Reactive oxygen species processing in plant cells. Possible gene duplications in cassava are shown in bold and underlined. AOX, alternative oxidase; FNR, ferredoxin NADPH reductase; MAPKK, mitogen activated protein kinase kinase; MDAR, monodehydroascorbate reductase; GLR, glutaredoxin; GR, glutathione reductase; GCL, glutamate cysteine ligase; NTR, NADPH thioredoxin reductase; HSP20, heat shock protein 20; PSII, photosystem II; PQ, plastoquinone; Cytb6f, cytochrome b6f; PC, plastocyanin; PSI, photosystem I; Fd, ferredoxin; SOD, superoxide dismutase; ABA, abscisic acid; AsA, ascorbate; APX, ascorbate peroxidase; MDA, mohodehydroascorbate; DHA, dehydroascorbate; DHAR, DHA reductase; GSSG, oxidized glutathione; GSH, glutathione; Glu, glutamate; CAT, catalase; PrxR, peroxireductase; Trx, thioredoxin; Based on [72, 75, 104]

Discussion

Value of the cassava full-length cDNA library

We built the first EST characterized full-length cDNA library of cassava, providing nearly the same number of sequences previously available in EST databases of this species. The high number of novel sequences captured in this library can be taken as an indication of how poorly characterized the cassava transcriptome is; our library was not normalized, however, the fact that we extracted mRNA from leaves and roots of cassava plants under different environmental conditions, resulted in a low-redundancy set with more than 7000 distinct sequences represented by just one clone (Figure 1).

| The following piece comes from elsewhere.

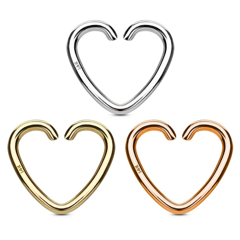 Toto krásné srdíčko je vyrobené z kvalitního 14-karátového zlata. Je vyrobené z jednoho kusu kovu, který byl vytvarovaný do tvaru srdce. Konce kovu se setkávají uprostřed srdce, a mají mezi sebou 2mm mezeru. Před nasazením budete muset od sebe konce odtáhnout takovým způsobem, jako byste je od sebe chtěli odtočit. Nesnažte se je od sebe odtáhnout horizontálně ať nepoškodíte elasticitu šperku. Po nasazení je potřeba uvést šperk do původního stavu.

This low redundancy could be the outcome of different gene expression patterns in response to the varying conditions used to build the library, also, the small overlap between our set of ESTs and those of previous efforts that focused on cassava traits like starch content and response to pathogens [25], could be an indication of the presence in our library of many genes specific to the abiotic stresses used in this study.

Full-length cDNAs are useful for the detailed annotation of sequence features in coding sequences and untranslated regions (UTRs) [30]. While the analysis of the first can sometimes render valuable information about protein structure and function through the annotation of amino acid motifs or protein domains [54], UTR sequences can be useful for the analysis of gene expression by means of the identification of transcription factor binding motifs [55], polyadenylation signals [56] and other structural features. Given the above, the importance of our effort is not only measured in terms of the amount of sequences captured, but also in terms of the quality and relevance of the genes represented in the library. We found that approximately 85% of the clones in our library contain full-length inserts; although this means that some of the cloned fragments are incomplete, the functional characterization of partial cDNAs in the library still allows the retrieval of sequence data for further experiment design and for the isolation of the full-length cDNA of specific genes. Moreover, from the EST information alone, we were able to determine the 5'UTRs of 1949 sequences and the 3'UTRs of 2241 sequences, as well as the complete coding sequence of 732 genes by running BLASTX against a set of known proteins, this information can be valuable to look for functional features such as micro RNA binding sites [57].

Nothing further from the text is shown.